Cleveland, Ohio, 44113
Job description
Data Lead
Remote
$160,000-210,000
The Data Lead will play a crucial role in architecting and sustaining our data landscape, encompassing ETL pipelines, vector databases, and retrieval systems tailored for RAG-based applications. This position will oversee data quality, governance, and performance enhancement initiatives, ensuring our platform provides precise, scalable, and cost-effective data-driven solutions.
Responsibilities of the Data Lead
- Data Engineering: Proficient in SQL and Python, with expertise in designing ETL workflows and normalizing/cleaning data.
- Vector Databases & Retrieval: Experience with platforms like Pinecone, Weaviate, Milvus, or pgvector, and knowledge of indexing strategies such as HNSW, IVF, and PQ.
- RAG (Retrieval Augmented Generation): Crafting retrieval methodologies including chunking, embedding selection, and re-ranking.

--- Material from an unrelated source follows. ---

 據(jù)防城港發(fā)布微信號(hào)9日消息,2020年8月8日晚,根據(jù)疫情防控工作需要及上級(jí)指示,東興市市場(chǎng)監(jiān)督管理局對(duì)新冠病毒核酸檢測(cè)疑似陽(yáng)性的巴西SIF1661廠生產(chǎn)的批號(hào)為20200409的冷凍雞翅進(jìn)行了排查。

- Embedding Models: Competence in selecting and assessing embedding models tailored for domain-specific applications.
- Data Modeling & Knowledge Graphs: Familiarity with enhancing connections between structured and unstructured data (preferred but not essential).

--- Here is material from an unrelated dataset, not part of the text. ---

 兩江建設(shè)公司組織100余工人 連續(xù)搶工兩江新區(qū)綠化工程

- Data Quality & Governance: Establishing benchmarks for metadata management, access controls, data lineage, and data freshness.
- Performance Optimization: Assessing and tuning variables like latency, recall/precision, and balancing cost/performance ratios.
Requirements for the Data Lead
- Over 6 years of experience in data engineering, data platform management, or related ML data roles.
- Exceptional skills in SQL and Python for ETL processes and data manipulation.
- Experience with vector database technologies like Pinecone, Weaviate, Milvus, and pgvector.
- Demonstrated proficiency in developing retrieval pipelines for RAG applications.
- In-depth knowledge of embedding models and their assessment criteria.
- Awareness of data quality and governance principles.
- Capacity to enhance systems for improved latency, accuracy, and cost-effectiveness.
#ZR